Neck pain, which I had not focused on, was better. It was dramatic. After 18 months of treatment (not always consistent) he was better and optimistic. Why had I been holding out and not prescribing this miraculous treatment? This is a question I have to ask myself. Did he respond to anti-Babesia therapy because the Lyme had been thoroughly trounced? Or did I let this one slip through. I am still learning. I won't make this mistake again.
There is a notion amongst ILADS docs that 58 and 66 bands suggest Babesia. I have become suspicious that low folate and B12 suggest chronic RBC infection. Babesia is the most likely culprit. Ehrlicia and Bartonella probably don't persist that long if standard Bb therapy is used.
He is not the only Lyme patient I have seen with a paralyzed diaphram.
I have to be on the lookout. It is not just new patients who have Lyme. It is also old patients who have been in the practice for years with "mystery" illnesses.

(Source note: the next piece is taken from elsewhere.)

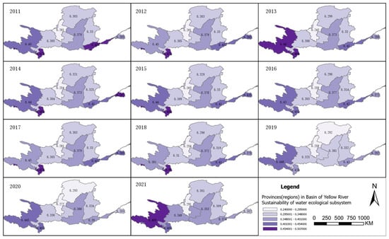 (2) The sustainability level of the economic subsystem has been increasing year by year and the growth rate is significant. In 2018, there was a certain decrease, followed by an increase. The reason is that in 2019, the major national strategy of “Ecological Protection and High Quality Development of the Yellow River Basin” proposed that the focus of economic construction in the Yellow River Basin has shifted from high water consuming industries such as heavy industry, energy industry, and agriculture to low water consuming and high value-added industries such as service industry and high-tech industry. The sustainable level of the social subsystem remained almost unchanged from 2011 to 2017, but there was some growth after 2018, thanks to the rapid development of the economy in 2019; The sustainability of the water ecosystem experienced periodic fluctuations during the research period, mainly due to the correlation between water resource renewal and rainfall. In 2012, there was a large increase because the strictest water resources management system was put forward that year, which defined the three red lines of water resources utilization—the red line of total development, the red line of water use efficiency, and the red line of water function zone restriction on pollution reception.

Wednesday, October 1, 2008

Lupus patient

I have a stack of interesting cases which I plan to write blogs about sitting on my desk. Since I am at home, I will mention the story of one patient I saw last week. This patient had "lupus" or systemic lupus erythematosis for more than a decade. She had the classic butterfly rash. She had arthritis, fatigue and frequent episodes of pleurisy. Her rheumatologist had treated her with corticosteroids and Plaquenil. Her symptoms were poorly controlled. About 18 months ago I told her about the Lyme hypothesis. She agreed to be tested. Her results were equivocal. We decided to try antibiotic. Results: No rash, no fatigue, no arthritis and no pleurisy. She ran out of Plaquenil and the symptoms did not recur. This had not happened in a decade. I asked her if she felt comfortable with the new paradigm. Her answer: A resounding yes. We are continuing antibiotics which work better than standard fare. She avoids her Harvard trained rheumatologist now. She is tired of hearing that her experiences are impossible and that her physician does not know what he is doing. It's all a placebo effect. Placebos don't work for an extended period. Find another explanation if you think mine is incorrect. More complex case summaries will follow.